There are now 19 vacancies on the federal appeals courts, and only one nominee, the certain-to-be-confirmed Judge Amul Thapar, nominated to the 6th Circuit. More five-star nominees are said to be in the works, and hopefully soon: There are a hundred-plus district court and special court vacancies that also need filling. Assuming that future nominees have Gorsuch-like credentials, then only one obstacle stands in the way of a return to an originalism-driven federal bench. But that obstacle is enormous in the lore of the Senate: the so-called “blue slip.”

The blue slip is simply the piece of paper that is sent to the senators from the home state of every judicial nominee. If a senator has no objection to the nominee, the blue slip (so named for the color of the paper) is sent back to the Judiciary Committee chairman with an indication of approval. If the senator objects, the paper is either sent back indicating disapproval or not returned at all. First used in 1917, there are various “practices” surrounding these slips. Some committee chairs of the past have refused to move a nominee forward without such a slip. Others have attached some significance to the slip, but not dispositive weight.

But the best practice would be for blue slips not to exist at all.

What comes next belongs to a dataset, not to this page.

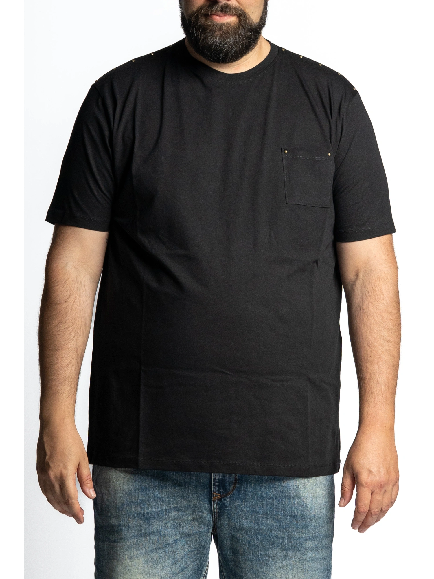 CREW NECK SHORT SLEEVE T-SHIRT IN COTTON JERSEY, COMFORTABLE AND STRAIGHT FIT. APPLIED CHEST POCKET AND MICRO METAL STUDS ALONG THE SHOULDERS AND ON THE POCKET, STRAIGHT BOTTOM AND FINISHED HEM AT THE ARMHOLES. SIZES 1XL 7XL THIS T-SHIRT IS THE ROCK DETAIL THAT INSTANTLY RAISES THE LEVEL OF ANY LOOK: THE STUDS ON THE SHOULDERS BRIGHTEN UP THE SILHOUETTE AND THE POCKET GIVES THAT CASUAL TOUCH THAT LOOKS GOOD WITH BOTH RIPPED JEANS AND CLEANER TROUSERS. PUT IT ON AND YOU'RE READY FOR THE CITY OR A CONCERT
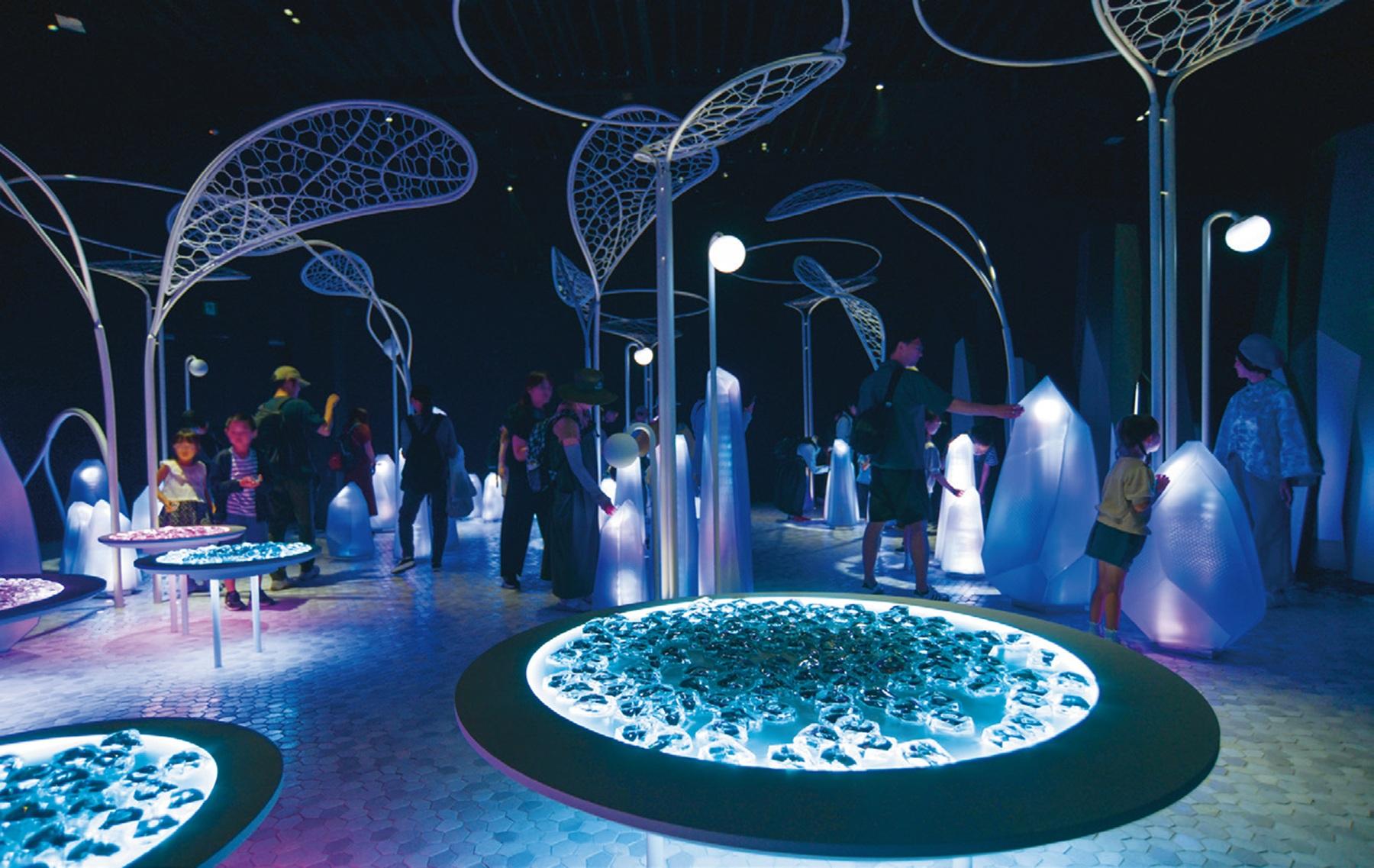 モノとココロが写し鏡になった不思議な国に迷い込んだ来館者たちは、結晶を手に持ち、自分に秘められた可能性を探す体験ができる。立体音響や360度映像、極微細ミストのスクリーンなど最新技術を用いることで五感を刺激。「ひとの理解」研究に基づく行動解析・表情解析などの技術と独自開発した感性モデルを用いて、一人ひとりの個性や特性を反映した異なるストーリーが楽しめるのも魅力。

The blue slip isn’t a law, and it would be anathema to the framers. It’s a leftover of decades past, a means by which individual senators could control their region’s judicial future. The non-return of a blue slip should receive no weight, or at most a trigger of a few weeks’ delay so as for the “concerned” senator to assemble a package of his or her reasons for the Judiciary Committee to review. There is no reason in the Constitution or common sense that voters from Michigan, which went for Trump, closely divided Virginia or even deep-blue New York should be denied judges because they have two senators that don’t like Trump’s nominees. Blue slips are simply and obviously deeply anti-democratic.

The blue slip is partly why the U.S. Court of Appeals for the 9th Circuit is such a mess. Now-retired Sen. Barbara Boxer, who was on the far left edge of the far left of the Democratic Party, held heavy influence or even a veto over 9th Circuit nominees from the Golden State. The circuit has jurisdiction over some 60 million Americans, ranging in views from deep-blue California to deep-red Idaho, yet many of the nominees to its bench often needed Boxer’s imprimatur to proceed to a vote of the Judiciary Committee, let alone a vote of the full Senate. That’s nonsense.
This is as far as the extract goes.